§ **WHAT IS NEEDED**:
All of the records below must be reproduced exactly, minus any pictures.

§ **SUPPLIED INFORMATION**:

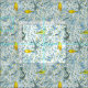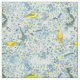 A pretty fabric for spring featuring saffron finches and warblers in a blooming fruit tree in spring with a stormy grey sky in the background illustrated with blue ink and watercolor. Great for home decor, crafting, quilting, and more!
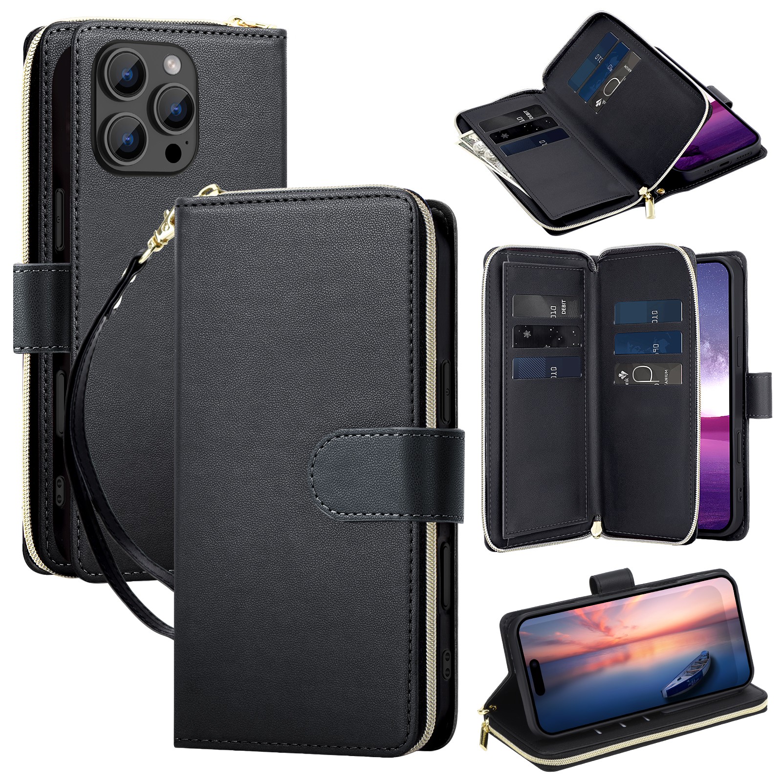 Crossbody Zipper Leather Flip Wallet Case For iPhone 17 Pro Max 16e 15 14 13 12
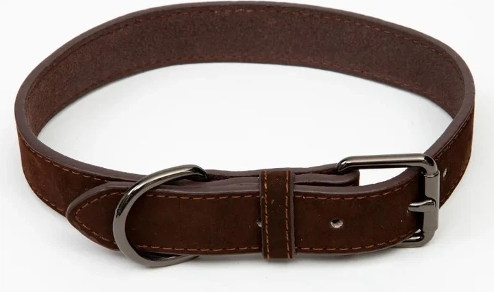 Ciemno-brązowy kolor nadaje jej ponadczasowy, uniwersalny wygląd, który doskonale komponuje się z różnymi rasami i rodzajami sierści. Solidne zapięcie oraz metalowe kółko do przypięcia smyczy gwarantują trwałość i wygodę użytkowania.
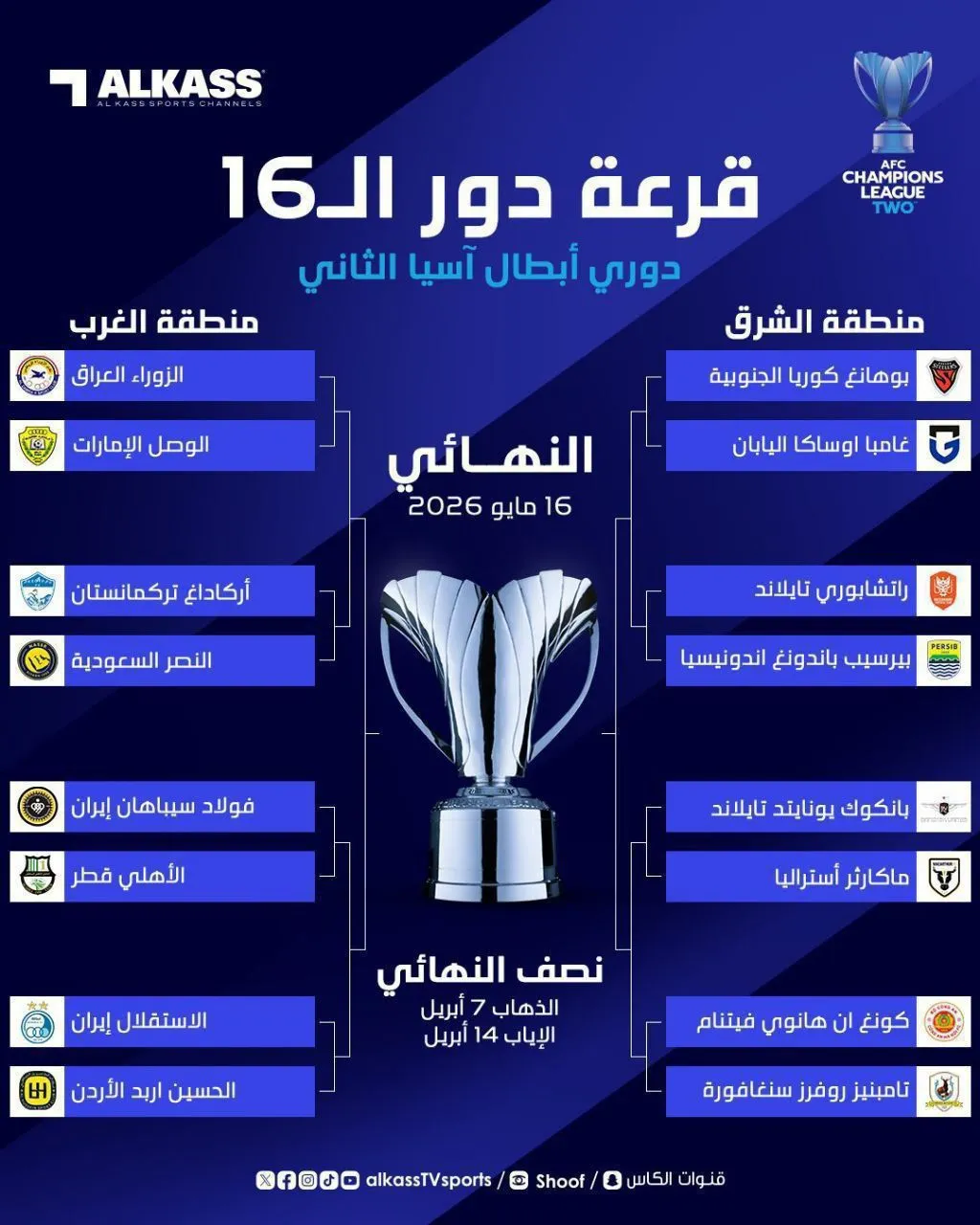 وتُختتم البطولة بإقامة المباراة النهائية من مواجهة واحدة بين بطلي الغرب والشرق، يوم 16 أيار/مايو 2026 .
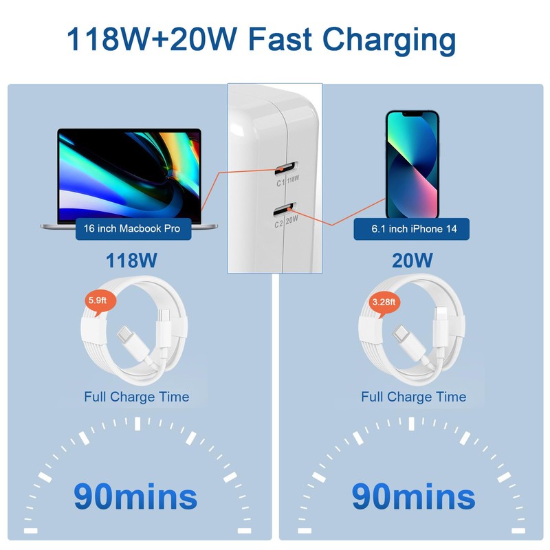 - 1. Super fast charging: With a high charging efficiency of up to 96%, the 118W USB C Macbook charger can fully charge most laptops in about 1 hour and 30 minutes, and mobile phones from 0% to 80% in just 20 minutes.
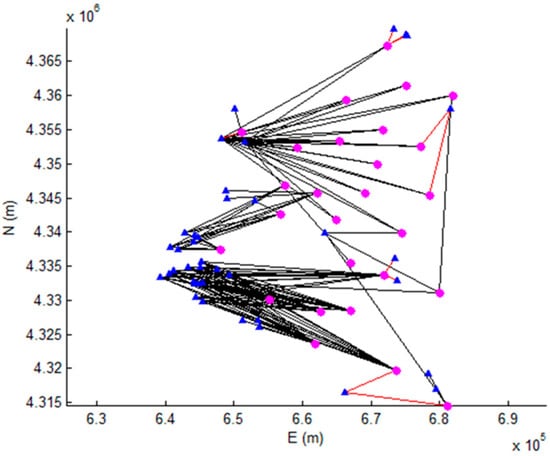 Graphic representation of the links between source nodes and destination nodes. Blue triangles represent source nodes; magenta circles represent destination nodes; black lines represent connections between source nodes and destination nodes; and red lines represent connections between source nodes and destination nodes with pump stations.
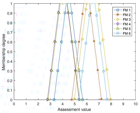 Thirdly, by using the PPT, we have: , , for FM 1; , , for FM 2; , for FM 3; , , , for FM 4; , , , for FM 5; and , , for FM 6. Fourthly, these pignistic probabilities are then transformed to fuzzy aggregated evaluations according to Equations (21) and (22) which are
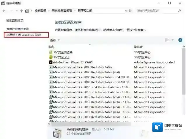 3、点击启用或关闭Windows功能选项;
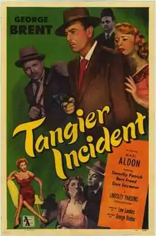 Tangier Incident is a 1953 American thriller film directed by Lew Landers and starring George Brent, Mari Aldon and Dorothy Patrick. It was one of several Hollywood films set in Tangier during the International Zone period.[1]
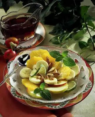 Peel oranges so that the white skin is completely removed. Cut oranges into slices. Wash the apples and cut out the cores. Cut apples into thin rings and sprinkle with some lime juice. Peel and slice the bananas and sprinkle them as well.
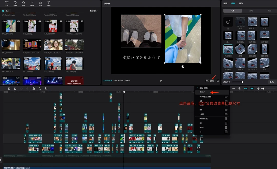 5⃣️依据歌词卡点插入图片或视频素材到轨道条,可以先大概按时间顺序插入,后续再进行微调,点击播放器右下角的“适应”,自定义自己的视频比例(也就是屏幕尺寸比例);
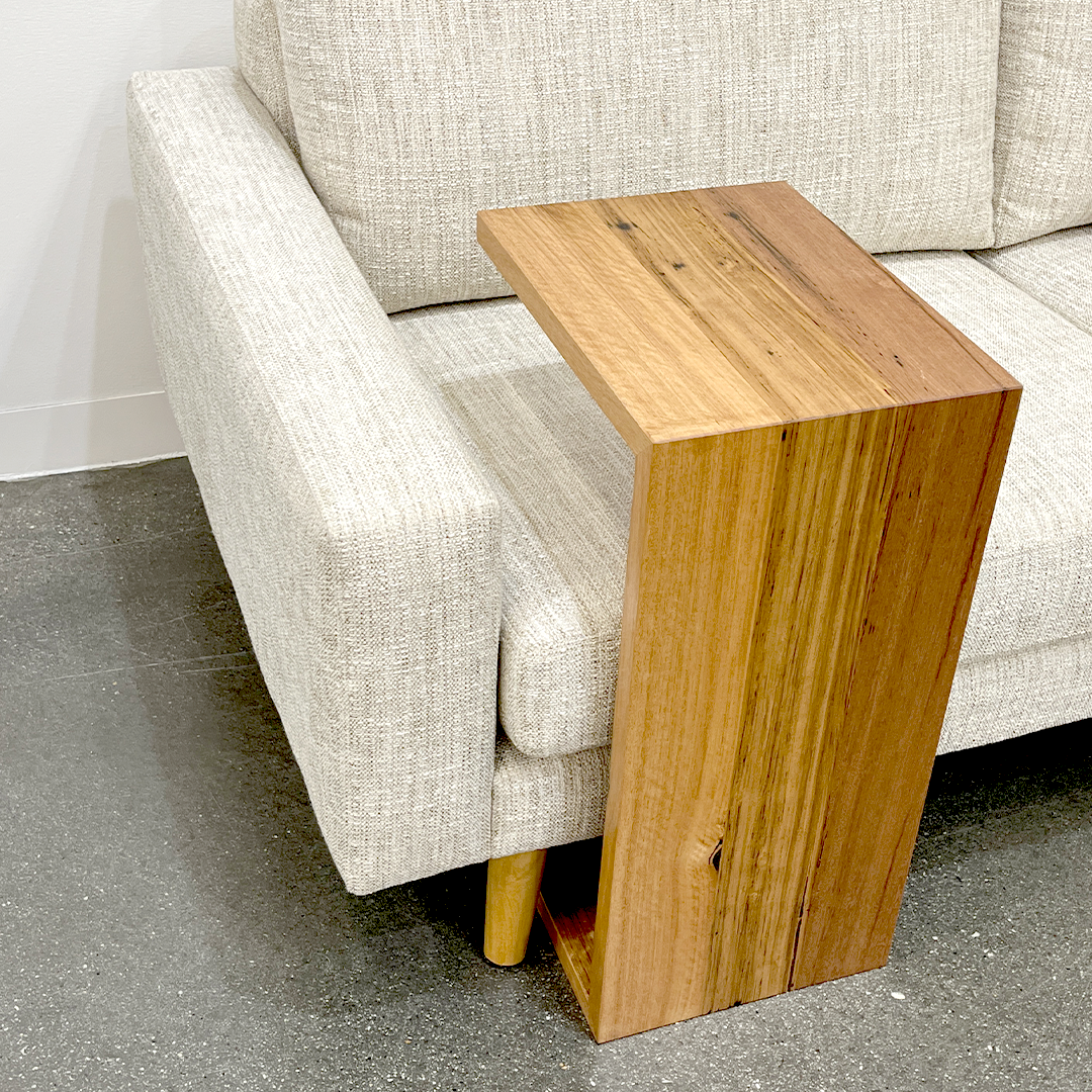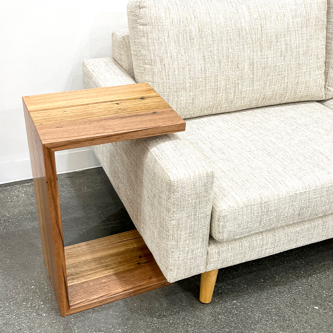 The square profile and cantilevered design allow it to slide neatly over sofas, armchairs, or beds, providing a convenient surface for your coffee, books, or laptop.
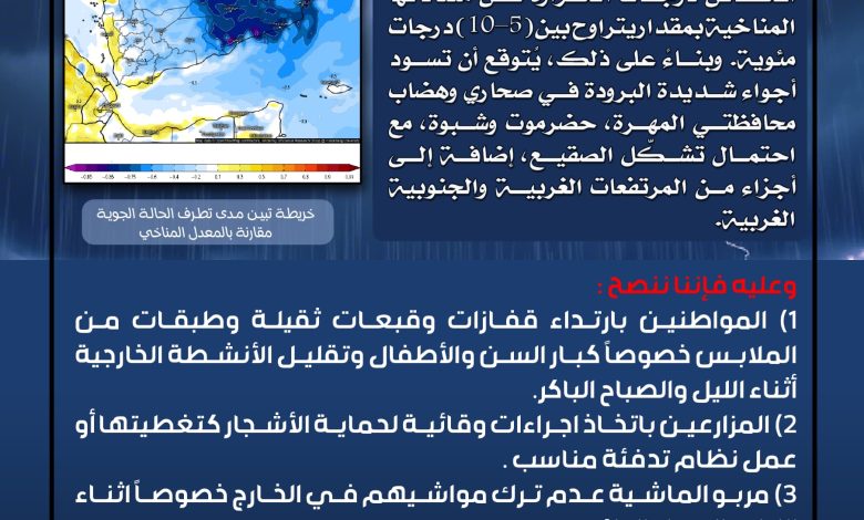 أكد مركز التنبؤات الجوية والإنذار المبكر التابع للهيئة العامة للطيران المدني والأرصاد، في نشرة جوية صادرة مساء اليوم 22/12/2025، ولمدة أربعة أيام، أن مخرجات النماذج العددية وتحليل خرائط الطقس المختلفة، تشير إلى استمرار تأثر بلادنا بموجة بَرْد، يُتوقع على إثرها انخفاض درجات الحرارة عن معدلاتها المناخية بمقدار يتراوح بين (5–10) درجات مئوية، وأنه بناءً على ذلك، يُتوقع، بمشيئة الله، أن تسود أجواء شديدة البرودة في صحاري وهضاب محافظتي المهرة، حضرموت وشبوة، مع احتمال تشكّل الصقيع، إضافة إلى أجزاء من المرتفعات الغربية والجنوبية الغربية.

§ **OUTPUT FOR THIS TASK**:
 A pretty fabric for spring featuring saffron finches and warblers in a blooming fruit tree in spring with a stormy grey sky in the background illustrated with blue ink and watercolor. Great for home decor, crafting, quilting, and more!
 Crossbody Zipper Leather Flip Wallet Case For iPhone 17 Pro Max 16e 15 14 13 12
 Ciemno-brązowy kolor nadaje jej ponadczasowy, uniwersalny wygląd, który doskonale komponuje się z różnymi rasami i rodzajami sierści. Solidne zapięcie oraz metalowe kółko do przypięcia smyczy gwarantują trwałość i wygodę użytkowania.
 وتُختتم البطولة بإقامة المباراة النهائية من مواجهة واحدة بين بطلي الغرب والشرق، يوم 16 أيار/مايو 2026 .
 - 1. Super fast charging: With a high charging efficiency of up to 96%, the 118W USB C Macbook charger can fully charge most laptops in about 1 hour and 30 minutes, and mobile phones from 0% to 80% in just 20 minutes.
 Graphic representation of the links between source nodes and destination nodes. Blue triangles represent source nodes; magenta circles represent destination nodes; black lines represent connections between source nodes and destination nodes; and red lines represent connections between source nodes and destination nodes with pump stations.
 Thirdly, by using the PPT, we have: , , for FM 1; , , for FM 2; , for FM 3; , , , for FM 4; , , , for FM 5; and , , for FM 6. Fourthly, these pignistic probabilities are then transformed to fuzzy aggregated evaluations according to Equations (21) and (22) which are
 3、点击启用或关闭Windows功能选项;
 Tangier Incident is a 1953 American thriller film directed by Lew Landers and starring George Brent, Mari Aldon and Dorothy Patrick. It was one of several Hollywood films set in Tangier during the International Zone period.[1]
 Peel oranges so that the white skin is completely removed. Cut oranges into slices. Wash the apples and cut out the cores. Cut apples into thin rings and sprinkle with some lime juice. Peel and slice the bananas and sprinkle them as well.
 5⃣️依据歌词卡点插入图片或视频素材到轨道条,可以先大概按时间顺序插入,后续再进行微调,点击播放器右下角的“适应”,自定义自己的视频比例(也就是屏幕尺寸比例);
 The square profile and cantilevered design allow it to slide neatly over sofas, armchairs, or beds, providing a convenient surface for your coffee, books, or laptop.
 أكد مركز التنبؤات الجوية والإنذار المبكر التابع للهيئة العامة للطيران المدني والأرصاد، في نشرة جوية صادرة مساء اليوم 22/12/2025، ولمدة أربعة أيام، أن مخرجات النماذج العددية وتحليل خرائط الطقس المختلفة، تشير إلى استمرار تأثر بلادنا بموجة بَرْد، يُتوقع على إثرها انخفاض درجات الحرارة عن معدلاتها المناخية بمقدار يتراوح بين (5–10) درجات مئوية، وأنه بناءً على ذلك، يُتوقع، بمشيئة الله، أن تسود أجواء شديدة البرودة في صحاري وهضاب محافظتي المهرة، حضرموت وشبوة، مع احتمال تشكّل الصقيع، إضافة إلى أجزاء من المرتفعات الغربية والجنوبية الغربية.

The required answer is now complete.